At the moment I write this story, Vice-Premier Miroljub Labus' resignation is the only major consequence of the broken negotiations on association with EU. His party, the G17 Plus, simultaneously announced it would continue backing the government. What does it actually mean? It's a strong, symbolic gesture, and that's all to it. Though symbolism is not to be underestimated in politics, what matters is that this government survives (so far) mostly thanks to the fact cabinet members feels better inside it than outside it, and fear that next elections would clog their landing some other governmental ship.Well, the same as the Serbian Renewal Movement, the G17 Plus had made empty threats to its "oldest" coalition partner before, but this time the things have become serious indeed: if "The Hague-Europe crisis" takes longer than one can bear it (and how bearable is it at all?), Labus & Co. will be forced to take steps that will hardly be symbolic, for the story of Euro-integrations makes the sum and substance of the G17 Plus' identity. Without that story there is no sense for the Party to partake in power unless it wants to lose a handful of its remaining voters.
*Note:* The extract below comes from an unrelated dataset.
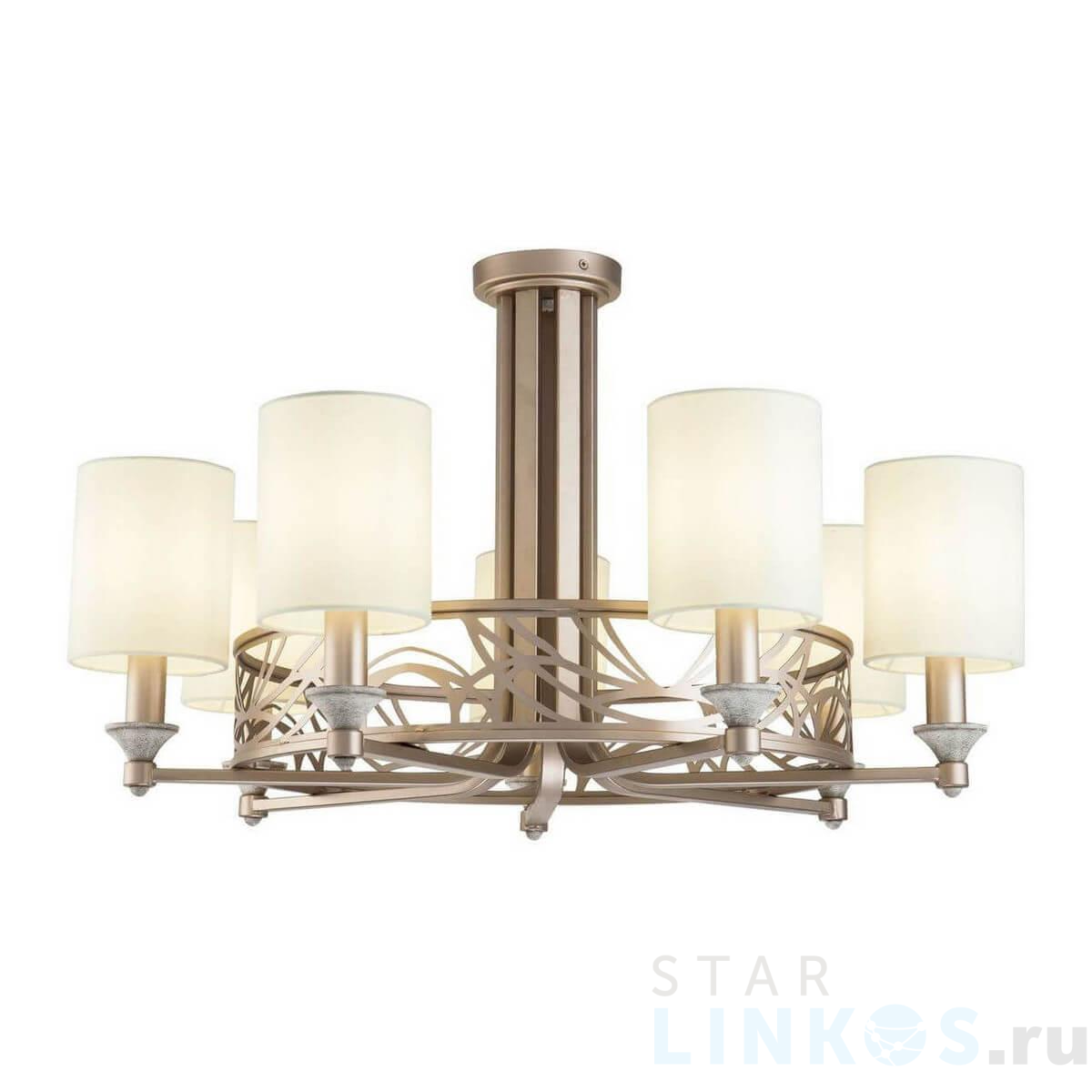 Поставщик рекомендует использовать лампы накаливания с цоколем E14 для освещения площади 15,6 м2. Потолочная люстра Maytoni Vittoria H004CL-07BG в используется в интерьере гостиной с установкой на потолок.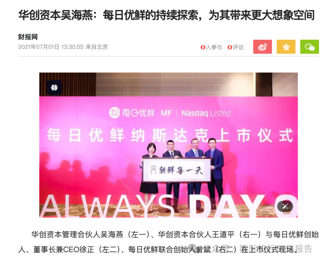 3 、 因为是私募基金,华创资本不会公布全部的业绩的。凌通社印象深刻的是华创资本的投资的每日优鲜,看了一下现在的股价是 0.0001美元,差不多就是清零了。和华创资本一起清零的还有青岛地方政府的 20 亿也已经清零。

And what is it Kostunica will do in the meantime? Well, since he already knows that Ratko Mladic is all alone - without a dog or a cat to keep him company - he might drop in for a nice man-to-man cup of coffee and a man-to-man chat, and convince him eyeball-to-eyeball, like a true Serb, to surrender for the Motherland's well-being (and that of Kostunica's self-perception of someone who would "never arrest Serbs in the name of the New World Order"). But what if Ratko Mladic turns him down again? He might even get so furious - that's the man's temper - to take the Premier hostage. Well, that would be rather embarrassing for Our Image but the country's everyday life would go on as usual. The imprisoned Premier would be replaced by those who usually stand in his shoes - the one you've seen at capital-intensive village roads or the one whose seemingly invisible face smiles at you from fiscal bills. Really, why doesn't the EU - rather than wasting its time on Kostunica - kindly ask the bulldozer-terminator-like Dinkic to arrest Ratko Mladic? (He might, for instance, accuse the latter of not paying the added value tax). After all, it's common knowledge that all Dinkic's targets unavoidably end up behind the bars!